How Zhongtong Boosted Software Quality with a Scalable Code Coverage System
This article explains how Zhongtong implemented a Java‑based code‑coverage service using Jacoco, integrated it into their CI pipeline, generated multi‑dimensional coverage reports, and refined testing workflows to improve software quality and reduce untested code.
Overview
Code coverage measures the proportion of source lines executed during testing, helping to identify gaps in test cases and improve software quality. Analyzing coverage reports reveals untested code and highlights newly added or modified code, prompting timely updates to test suites.
Zhongtong Code Coverage Implementation
Before describing the concrete solution, Zhongtong uses the open‑source tool Jacoco, which works with Java server projects and provides clear coverage statistics without modifying source code, thanks to its on‑the‑fly instrumentation mode.
The overall service flow is illustrated below:
The process works as follows:
When a project is deployed, Jacoco injects probes into the JVM to record which lines are executed by manual or automated test cases.

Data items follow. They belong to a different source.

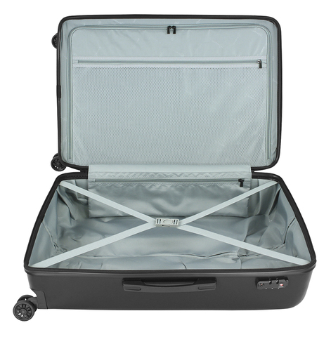 ЧЕМОДАН KALLISTO Серия Kallisto воплощает собой нашу страсть к путешествиям. Тонкие диагональные полосы и стильная поверхность с металлическим оттенком подчёркивают непринужденную привлекательность коллекции, представленной в чёрном цвете. Логотип Bugatti аккуратно встроен в металлический шильдик на корпусе. Четыре двойных резиновых колеса просты в управлении и очень удобны. Они могут вращаться на 360°, обеспечивая лёгкий ход по любой поверхности при сохранении полной манёвренности. Лёгкая выдвижная телескопическая ручка удобно фиксируется в нескольких положениях. Замок TSA с трехзначным кодом надёжно защищает содержимое багажа от несанкционированного доступа, а дополнительная ручка на дне корпуса облегчает загрузку и выгрузку чемодана. Продуманная концепция больших отделений с внутренней перегородкой на молнии позволяет максимально практично использовать внутреннее пространство. СВОЙСТВА Внутренняя организация: основное отделение на молнии с 2 отсеками, сетчатой перегородкой с карманом на молнии, карманом на молнии и 2 фиксирующими ремнями Внешняя организация: телескопическая ручка, кодовый замок TSA, 4 двойных колеса, боковая ручка, ручка на дне Размер: 50,5 x 30,5 x 74 см Объём: 100,80 л Вес: 4,40 кг Материал: АБС-пластик
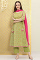 Dhiyona OD Women Green Ethnic Motifs Printed Panelled Pure Cotton Kurta with Trousers & With
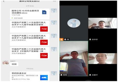 10月24日下午,集團(tuán)公司機(jī)關(guān)黨支部全體黨員、入黨積極分子共40名同志通過騰訊會議APP采取線上形式召開主題黨日活動。會議線下主會場由集團(tuán)公司閉環(huán)管理的12名黨員和積極分子組成,與線上的全體黨員首先進(jìn)行了主題黨日的前四項規(guī)定動作,奮戰(zhàn)在抗疫一線的同志們帶領(lǐng)大家奏唱國歌、重溫入黨誓詞、領(lǐng)誦黨章、主動繳納黨費。之后,集團(tuán)公司黨委書記郝關(guān)峰,黨委委員、紀(jì)委書記張永東領(lǐng)學(xué)了《中國共產(chǎn)黨第二十次全國代表大會關(guān)于十九屆中央委員會報告的決議》《中國共產(chǎn)黨第二十次全國代表大會關(guān)于十九屆中央紀(jì)律檢查委員會工作報告的決議》《中國共產(chǎn)黨第二十次全國代表大會關(guān)于中國共產(chǎn)黨章程(修正案)的決議》。集團(tuán)公司機(jī)關(guān)黨支部書記喬娜通報了本次疫情防控工作相關(guān)情況。
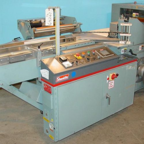Shanklin Model F1 hortizontal flow through shrink wrapper complete with Shanlin T7F s/n T00209 shrink tunnel. 18 in w horizontal cutting bar, 12 in side seal w/ powered scrap take up wheel, Package size: Minimum 1/2in W x 1/8in H x 4in L. Maximum 16in W x 6in H, Maximum film width 22in folded or 44in flat. 50 PPM maximum. 60 linear feet per minute max film speed. 13 in rubberized belt indeed w/ pnuematic product stops, 25 in W film rollers, (2) 5 1/2 in W x 20 in L rubberized outfeed belt, Longitudinal Seal: weld bead at side of package. Transverse Seal: Standard hot knife jaws. 1/230/60, 20 Amps, T7F Shanklin Tunnel: S/N T00209, 21 in W x 9 in H tunnel opening, 3/230/60, 7.8 amp, 6 ft L x 15 in W mesh belt, 3/4 HP top mounted blower, Fully automatic Shanklin FloWrap machines are continuous motion horizontal Form Fill Sealers designed to wrap packages effortlessly and efficiently. Built for peak performance, durability, and versatility, programmable controller with user friendly touch screen control panel for ease of set up, operation and maintenance; includes help diagnostics tool that automatically displays machine faults and corrective actions at the push of a button, Adjustable product spacing and end seal placement accommodate product length and spacing changes for fast and simple product size changeover, Electrical controls are UL listed for meeting the highest safety standards. efficient side sealing wrappers shrinkwrap product with neat trim seals on three sides of the package, handling even irregular shapes with ease. The inverting heads do not require a precise matching of film width, thus allowing you to run many sizes of packages with only a moderate selection of film widths. F1 Features a belt infeed that accepts intermittently delivered and randomly spaced product, setting the correct spacing by controlling the infeed belt speeds. Can also handle random product length for uninterrupted operation. The SHANKLIN Shrink Tunnel tailors the velocity and temperature of the air to favor the wrapping film. Large quantities of heated turbulent air are cascaded into direct contact with the package at velocities as high as 3,000 feet per minute. The air is hot enough to effect excellent uniform shrink, but is not so hot as to melt the wrapping film. This air circulates over 50 times per minute past a temperature controller sensing element that maintains uniform temperature throughout the tunnel, eliminating hot spots.
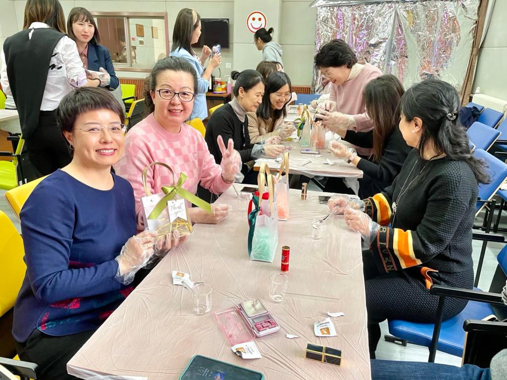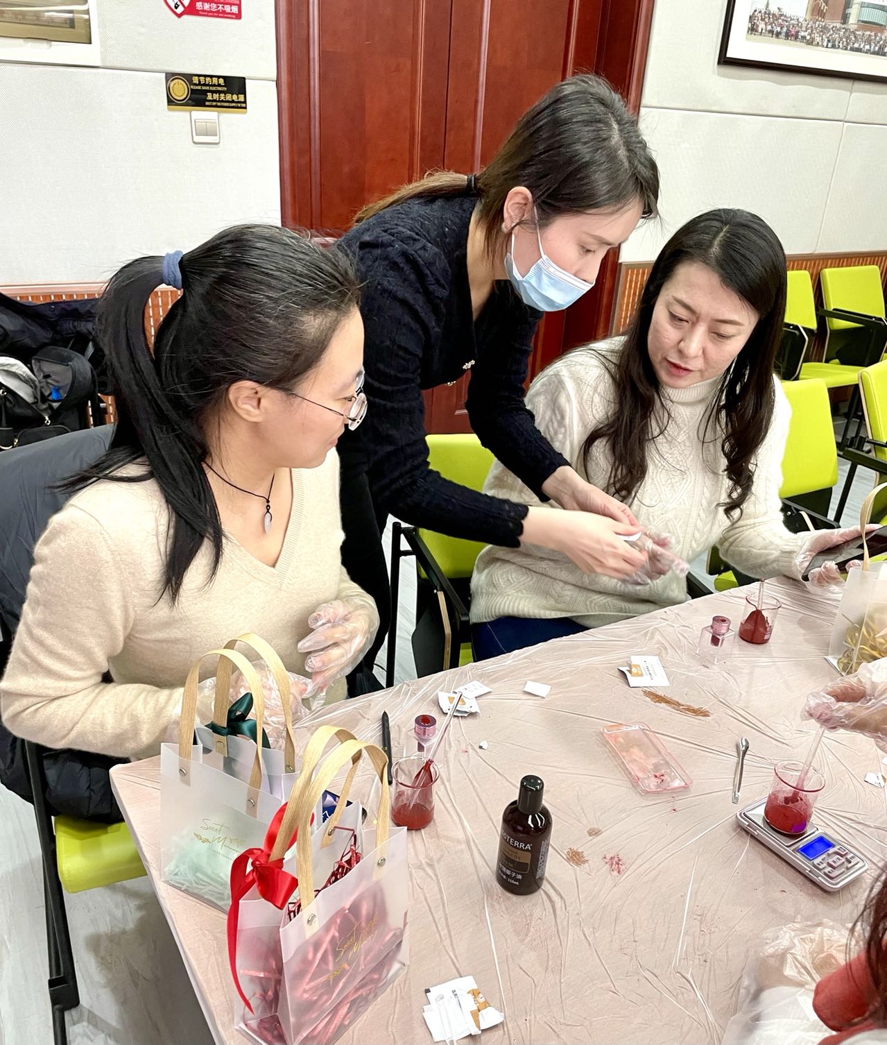 林丽女士从精油口红的制作步骤、选色原则、调制成分的用量和手工制作的注意事项等方面进行了详细的说明,同时普及了精油的养生功效。教师们认真聆听,兴致盎然,在指导下戴好一次性手套对烧杯进行消毒,按照程序先后倒入椰子基底油、选色添加色粉、均匀搅拌、加入蜂蜡、加热溶解、滴入精油搅拌、倒入模具、等待冷冻、装罐。在等待冷冻期间,林丽女士讲授并演示化妆的方法,同时分享了个人在美妆焕发活力提升气质方面的心得体会。教师们全情投入,既增进了工作之余的沟通交流,又舒缓了平日的疲惫与压力,为生活平添了一份明媚的色彩。当教师们怀着期待的心情打开装罐后的口红成品时笑靥如花,这份节日专属的礼物记录着手工制作的乐趣也蕴含着个人独特的审美追求。

After deployment, the release platform (Stellar) pushes version information (Git URL, branch, commit ID, etc.) to the quality‑control platform for storage.

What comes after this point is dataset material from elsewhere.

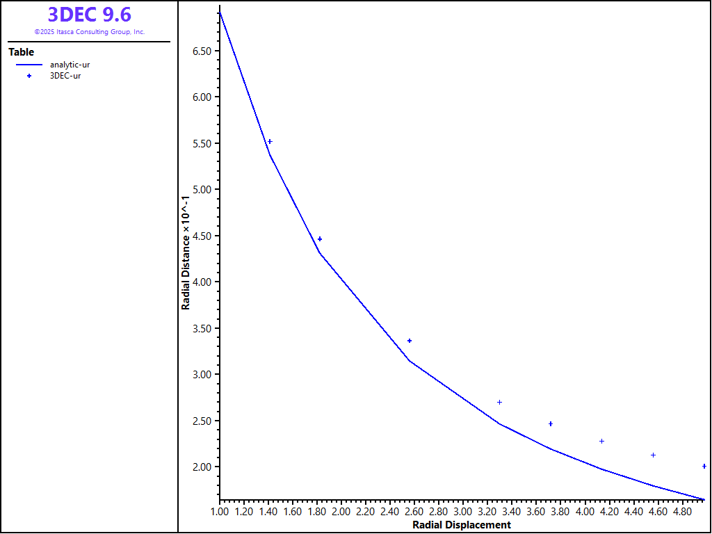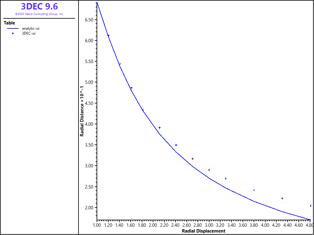 Vertical displacements along the \(y\)-axis are extracted from three 3DEC models and compared with analytical solutions. The comparison is shown in Figure 6, Figure 7, and Figure 8. Numerical results obtained with two different zonings of the model show excellent agreement with the analytical results, up to a distance of 2.5 radii from the center of the opening. The error at larger distances from the center of the opening is a consequence of the finite size of the models and the approximate boundary conditions.
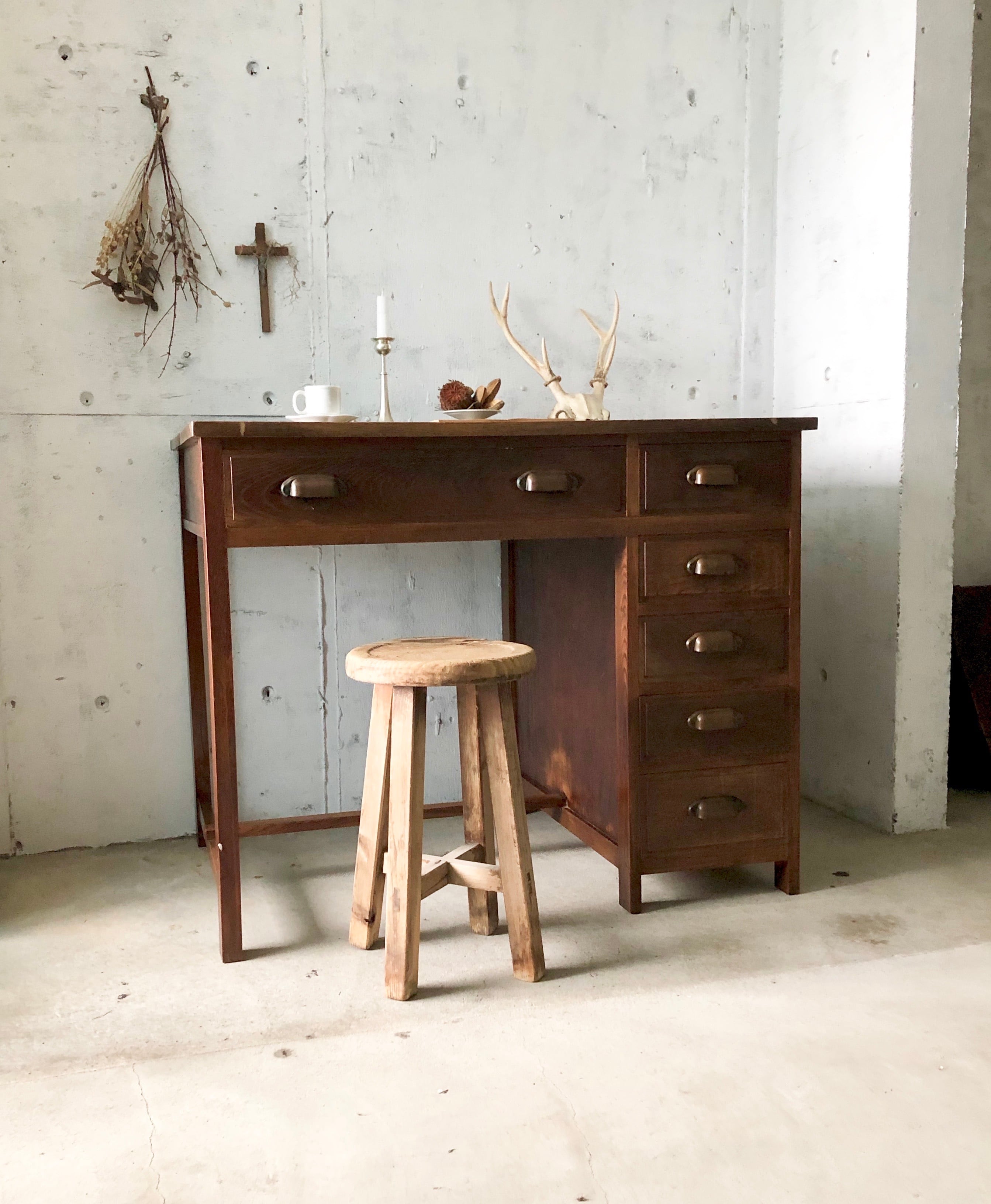 経年変化の雰囲気の良い木肌と取手、上品な佇まいが感じ良い木製デスク。深さのある引出しが6杯あり、収納力もたっぷりです。実用使いで作業テーブル、パソコンテーブルとしてやお子さんの勉強机としても素敵にお使いいただけそうです。

Testers trigger the coverage service from the quality‑control platform by selecting a branch and comparison mode.
The service retrieves the corresponding source code from Git and the probe‑generated dump file to produce a coverage report.
Additional features were developed to suit Zhongtong’s business scenarios, improving usability:
During release, users can optionally enable Jacoco instrumentation, embedding the probe insertion seamlessly into the deployment workflow.

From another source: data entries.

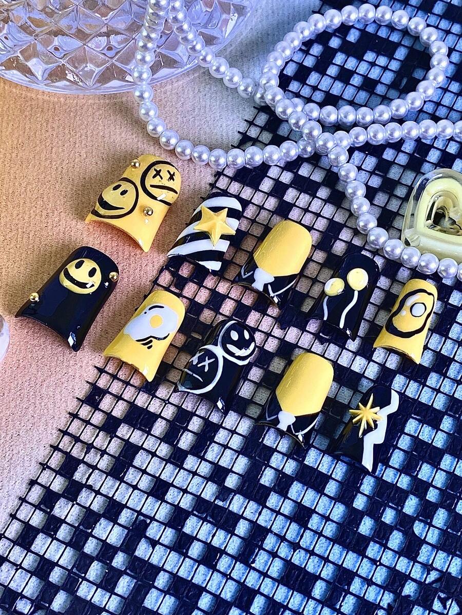 10片装女士手工按压式美甲贴片,Y2K风格,情人节主题,亚克力材质,手绘笑脸星形图案,可重复使用,美甲套装,含指甲胶、凝胶指甲油、美甲贴纸,美甲师用品配件,假指甲,亚克力按压式美甲贴片
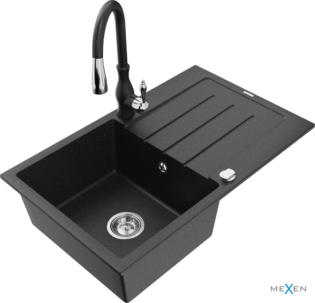 Technické dáta: drez: Rozmer: 795 x 495 x 200 mm Hĺbka komory: 200 mm Rozmery komory: 440x360 mm Priemer odtoku: ø90 mm Typ: 1-miska s odkvapkávačom Typ: Zapustené do pracovnej dosky Farba: čierna/strieborná metalíza Povrchová úprava sifónu: Chrome Materiál: žula (80% žulové kamenivo, 20% živice) Prepadový otvor: Áno Otvory: (batérie, automatické) 2 Inštalácia: Univerzálna, je možné inštalovať s odkvapkávačom na ľavú alebo pravú stranu Vysoká odolnosť proti poškriabaniu a zmene farby Odolnosť proti tepelným šokom Ľahko čistiteľný povrch Dva dodatočné vyfrézované otvory na samodierovanie ø35 kuchynská batéria: Materiál: mosadz Čierna farba Hlava: Keramická Prevzdušňovač: Áno Typ: Jedna páka Výška batérie: 410 mm Rozsah výtoku: 231 mm(GT) Ean: 5905315035615
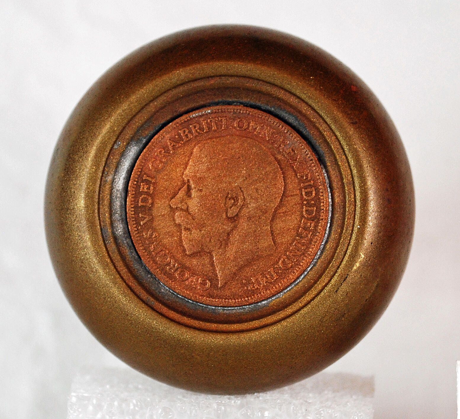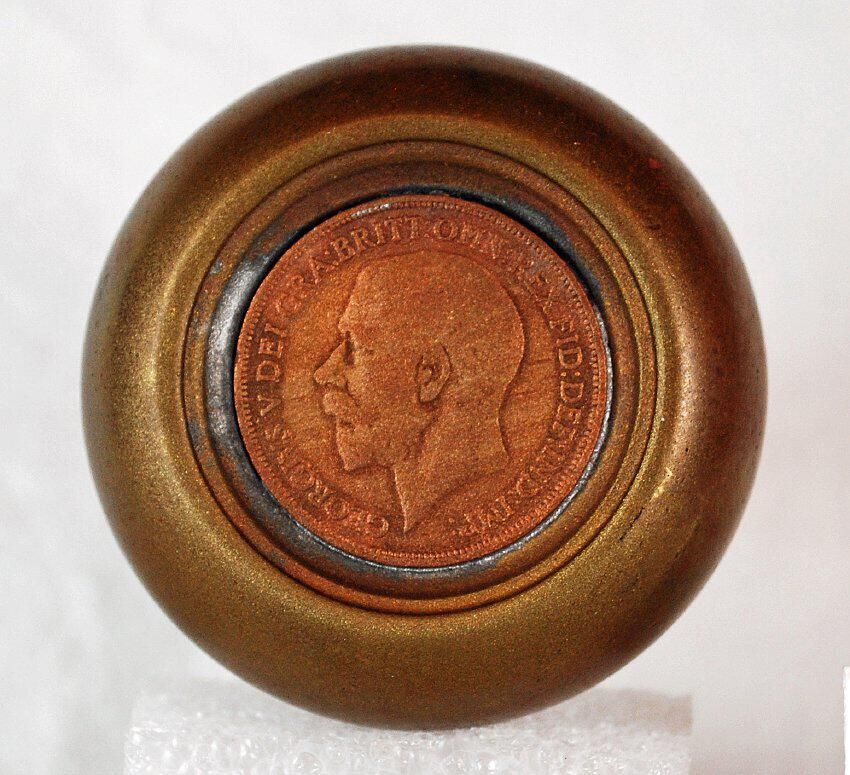 Design Name: Manufacture: . Style: Novelty Material: Brass Manufacturing Method: Stamped Surface Finish: Unpolished VDA Classification: VDA Number: Shape: Domed. Flat Face. Patent Specifics: Lock Type (If Applicable): Inscription/Makers Mark: Inscription Text: Comments: British Penny in Face. Three Piece. Threaded Shank.
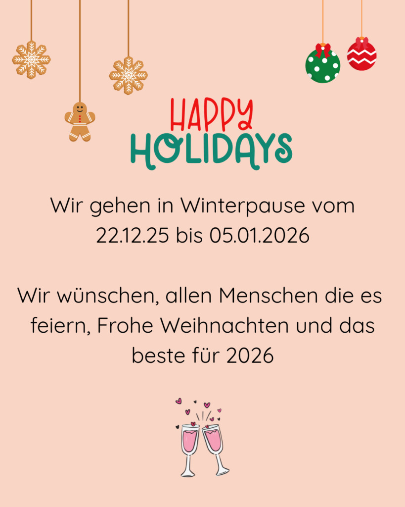 Wir wünschen allen Menschen, die es feiern, schöne Weihnachten und ein gutes Jahr 2026. Ab dem 05.01.26 sind wir wieder für euch da, dann können Termine für Testungen und Beratung per Telefon oder E-Mail vereinbart werden.

The platform supports generating full, branch‑incremental, and incremental reports, each offering different granularity for coverage analysis.
Multiple execution agents are clustered to boost efficiency, and data is transferred between services via queues for reliability.
Testing Process and Practical Application
The typical testing workflow at Zhongtong, combined with code coverage, is shown below:
1. Developers create a feature branch from master, develop and self‑test, then submit for testing. 2. After smoke approval, testers run manual and automated tests, generate a branch‑incremental coverage report, and add test cases for uncovered code. 3. After code merge, regression testing is performed and another incremental report is generated to address any missed areas. 4. Once regression passes, the code is released.
Summary
In practice, code coverage helps discover missing test cases, refine test design, detect dead code, and highlight design flaws, thereby improving code quality. Zhongtong’s coverage service is now running in over 200 services across several departments, aiming for 70% statement coverage overall and 100% for core modules, with plans to roll out center‑wide within the next year.